I have heard of the Grassy Butte cat... pretty cool aye!!! I kinda figured with all the reports or sightings there would be dead cats to show for it.


----------



## sotaman (Apr 6, 2004)

plainsman I agree lets hope the game and fish confirmed this before putting out the info.. But there are two different dates


----------



## Plainsman (Jul 30, 2003)

Two different dates? That I didn't know. What a coincident if it is true.


----------



## tsodak (Sep 7, 2002)

CHeck out the link, it quotes Greg Link in there. THis is two cats in two days. Especially interesting that the Killdeer one is a female. Typically you think of dispersal animals as young males. Hard to tell how old this one is, but it would be interesting to find an adult female, possibly that has had a litter. Exciting stuff from a management point of view.

Tom


----------



## DustinS (Nov 9, 2004)

Plainsman said:


> I deer hunt around the same hill where it was found dead. I mean within yards, not miles.


Plainsman, by saying this are you referring to the cat that was shot by killdeer? It sounds like you are saying that they found the cat that was shot 'by New Rockford' that they couldnt find.

I'm just wondering because that confused me.
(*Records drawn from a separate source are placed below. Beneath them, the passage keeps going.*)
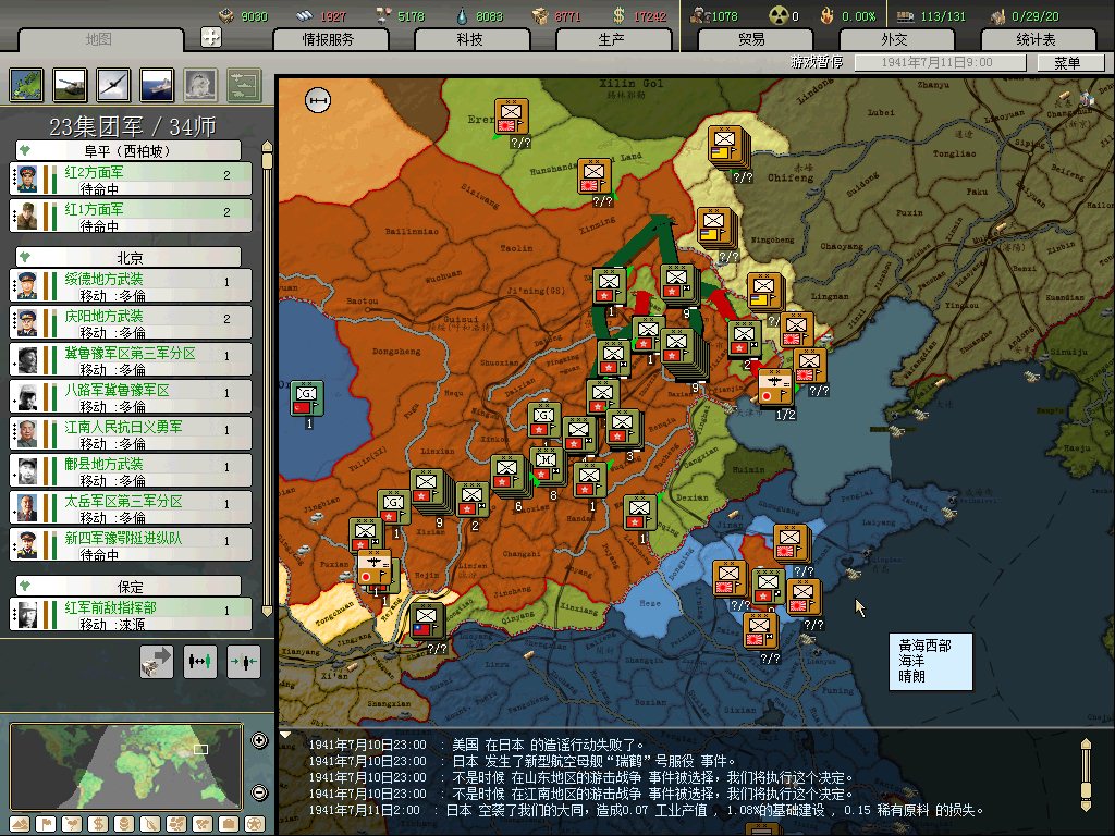 后面太顺利,没发的意义了,消化东三省后,留下标准常备及几个山地在鸭绿江玩耍
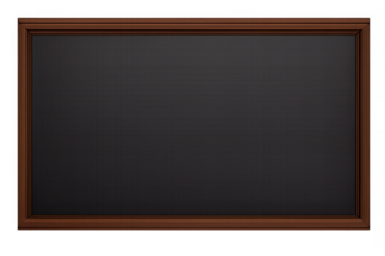 Blank dark screen with a brown frame providing space for text, advertisement, and educational content on transparent background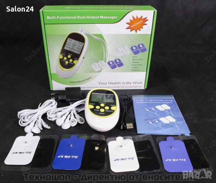 Електроимпулсен масажор с 8 самозалепващи пада за електростимулация, снимка 1 - Масажори - 52213617 Електроимпулсен масажор с 8 самозалепващи пада за електростимулация, снимка 2 - Масажори - 52213617 Електроимпулсен масажор с 8 самозалепващи пада за електростимулация, снимка 3 - Масажори - 52213617 Електроимпулсен масажор с 8 самозалепващи пада за електростимулация, снимка 4 - Масажори - 52213617 1/4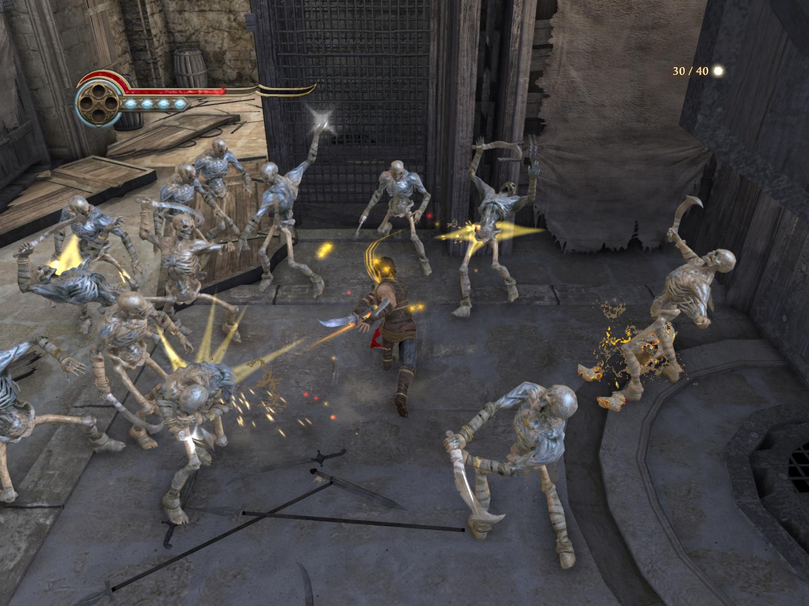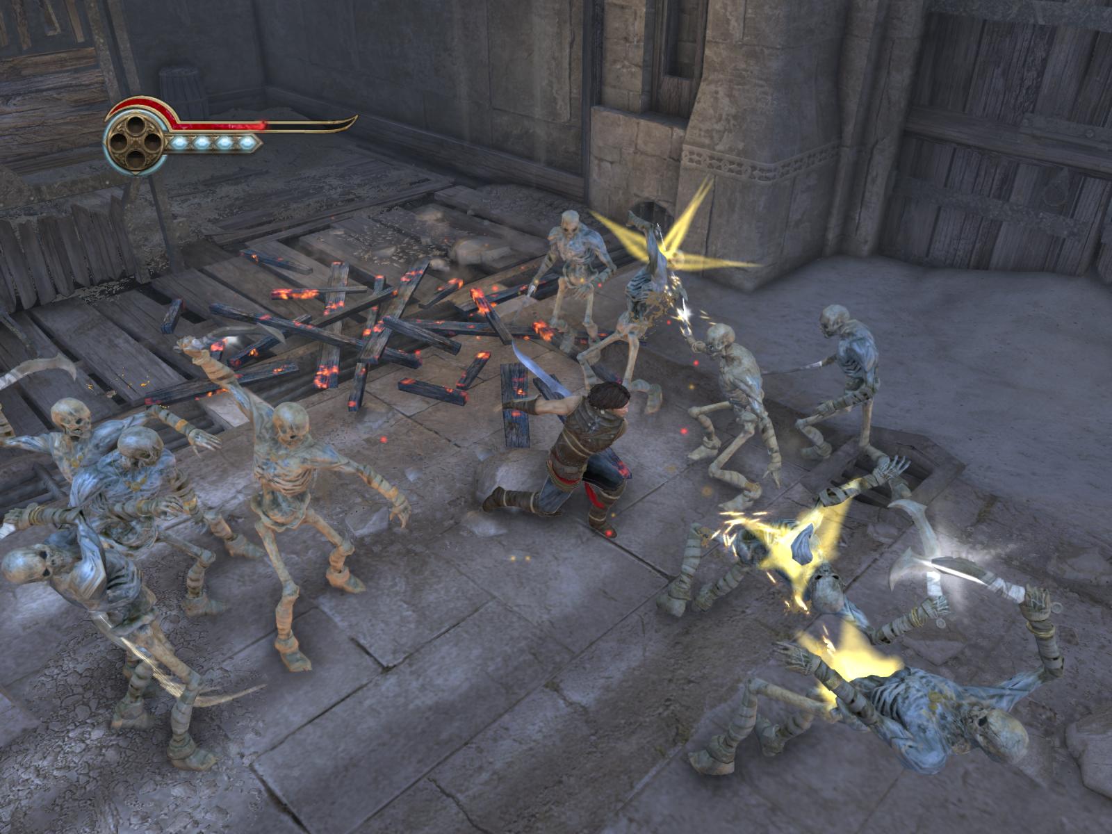 Alături de secvenţele acrobatice, prinţul va da piept şi cu armata nisipurilor, în cea mai mare parte alcătuită din schelete care ies din podele. Eroul are la dispoziţie un atac normal, un Power Attack pentru anumiţi boşi şi poate combina salturi şi rostogoliri cu cele două tipuri de atac pentru a lega până la cinci combo-uri.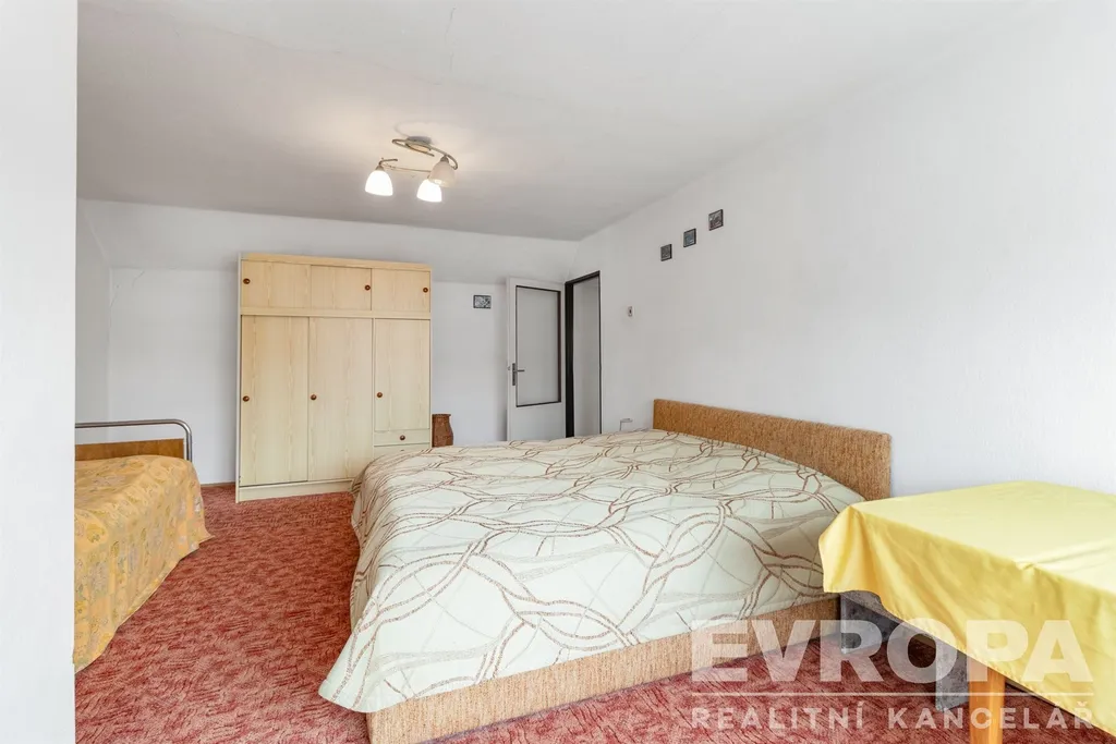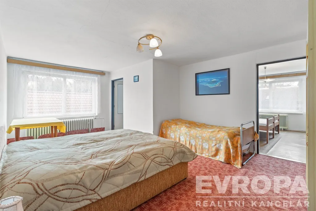 V patře pak tři ložnice a balkon, ideální pro klidné večery s výhledem do okolní krajiny.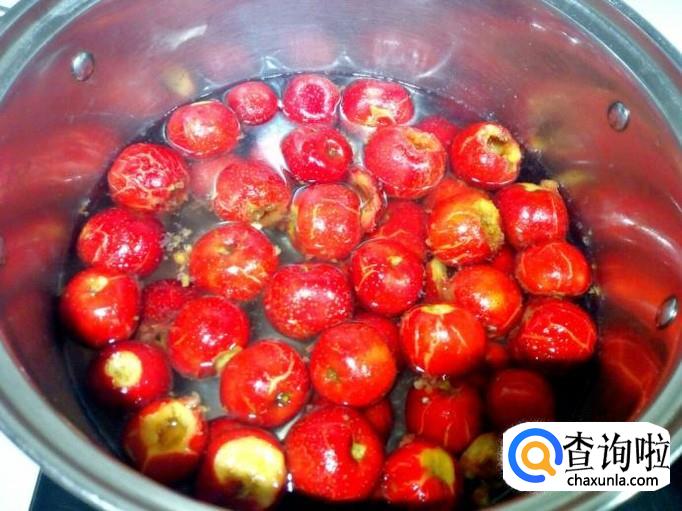 锅里放入水大火烧开,水开后放入山楂煮。水一定不要放太多,水放多了,煮出来的山楂酱,不粘稠。
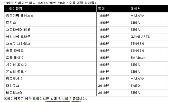 ¼¼°¡ÆÛºí¸®½ÌÄÚ¸®¾Æ´Â 2019³â 9¿ù 19ÀÏ (¸ñ)¿¡ ¹ß¸Å ¿¹Á¤ÀÎ <¸Þ°¡ µå¶óÀÌºê ¹Ì´Ï (Mega Drive Mini)> (¾Æ½Ã¾ÆÆÇ¡Ø) ¸¶Áö¸· ¼ö·Ï ŸÀÌÆ²À» 4Â÷ ¹ßÇ¥¸¦ ÅëÇØ ¹Ì°ø°³ 10 ŸÀÌÆ²°ú ½ÅÀÛ °ÔÀÓ 2 ŸÀÌÆ²À» °ø°³ÇÏ¿´´Ù.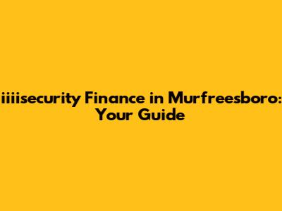 Iiiisecurity Finance In Murfreesboro: Your Guide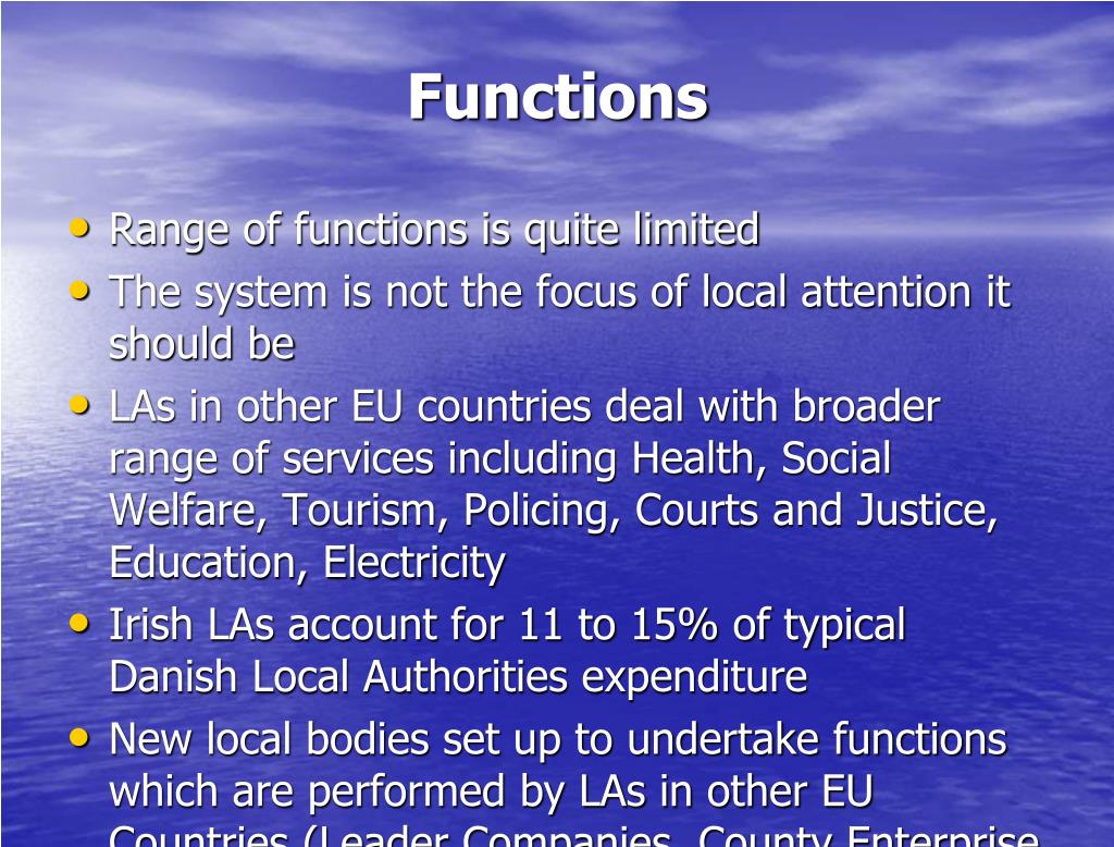 Functions • Range of functions is quite limited • The system is not the focus of local attention it should be • LAs in other EU countries deal with broader range of services including Health, Social Welfare, Tourism, Policing, Courts and Justice, Education, Electricity • Irish LAs account for 11 to 15% of typical Danish Local Authorities expenditure • New local bodies set up to undertake functions which are performed by LAs in other EU Countries (Leader Companies, County Enterprise Boards).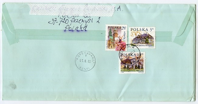 Pocztowego Przemyśl 2, w dniu 30.07.2002 roku do Estonii. Przesyłka dotarła do
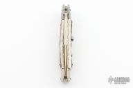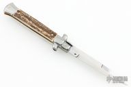 This Swivel Bolster features a bayonet style blade with false top edge. The handle has stainless steel bolsters and pommel with stag scales over brass liners and stainless steel backspacer. Excellent Condition.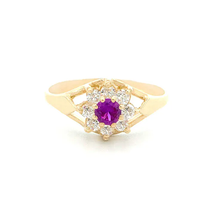 Dámský zlatý prsten kytka s růžovým kamínkem a se zirkony ze žlutého zlata vhodný jako zásnubní prsten.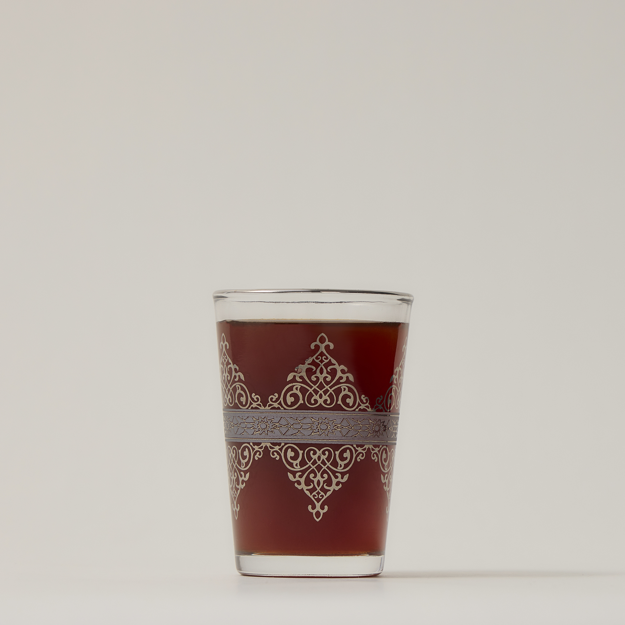 These Moroccan tea cups feature heat resistant transparent glass and a strikingly unique design. The set consists of six 6oz glasses decorated with elegant silver patterns and fine lines on the edges.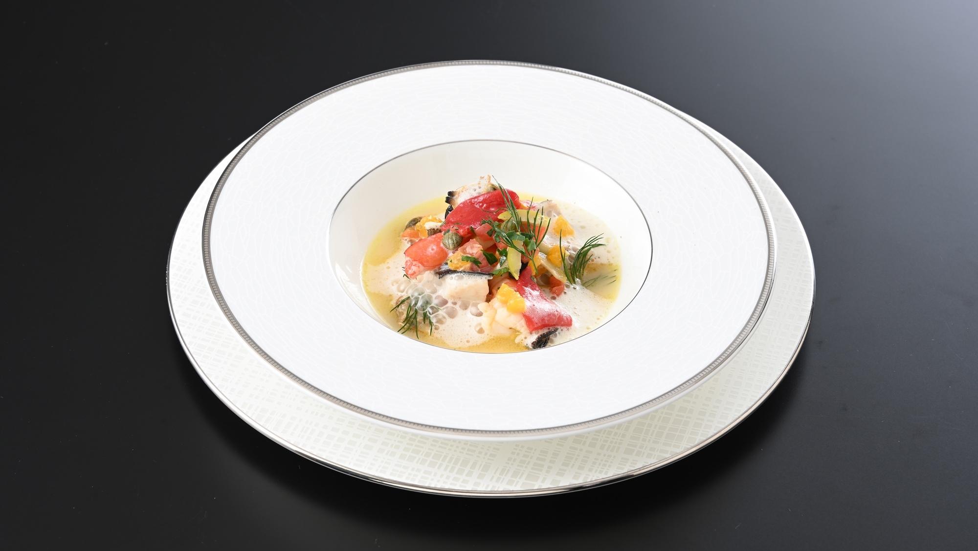 旬魚とムール貝の瀬戸内アクアパッツァ 小豆島オリーブの香り 軽いスープ仕立て

So how many cats have been killed total now??


----------



## Duck Commander (Oct 20, 2004)

From what I know 2 cats have been shot, one by Killdeer and the other NW of Grassy Butte. Sounds like the other shot by GB was actually about 7 steps from the shooters girlfriend and it took 3 shots from a .270. The game and fish website confirms two lions but they say that they can't give out names and such. It's all just a matter of time till the shootings are on the news boys.


----------



## Plainsman (Jul 30, 2003)

Dustin
Yes, I was talking about the one by New Rockford.


----------



## DustinS (Nov 9, 2004)

Plainsman, So did they find the one that was shot by NR? If so that would be 3 cats killed and the g&f states only 2 cats have been killed so far.


----------



## yotebuster (Dec 3, 2004)

The cat shot NW of Grassy Butte was aged at 2 1/2 to 3 1/2 years old and was female...it weighed 92 lbs. He shot it at 7 steps, 3 times with a .270. The cat shot near killdeer was also female, im not sure about any of the other info on it. :sniper:


----------



## yotebuster (Dec 3, 2004)

By the way Dustin, what the heck are we doing over here while they are shootin cats over there??? :withstupid:


----------



## DustinS (Nov 9, 2004)

Yotebuster,
No kidding! And to think that i only live 25 miles from the killdeer mts!! You know what im gunna be doing over Thanksgiving weekend!!


----------



## yotebuster (Dec 3, 2004)

You said it, if i didnt have to go watch my sister play volleyball up in Minot I would take off and head back right now. Good luck over thanksgiving, you better call me if you have any luck. :beer:


----------



## Lvn2Hnt (Feb 22, 2005)

DustinS said:


> Plainsman, So did they find the one that was shot by NR? If so that would be 3 cats killed and the g&f states only 2 cats have been killed so far.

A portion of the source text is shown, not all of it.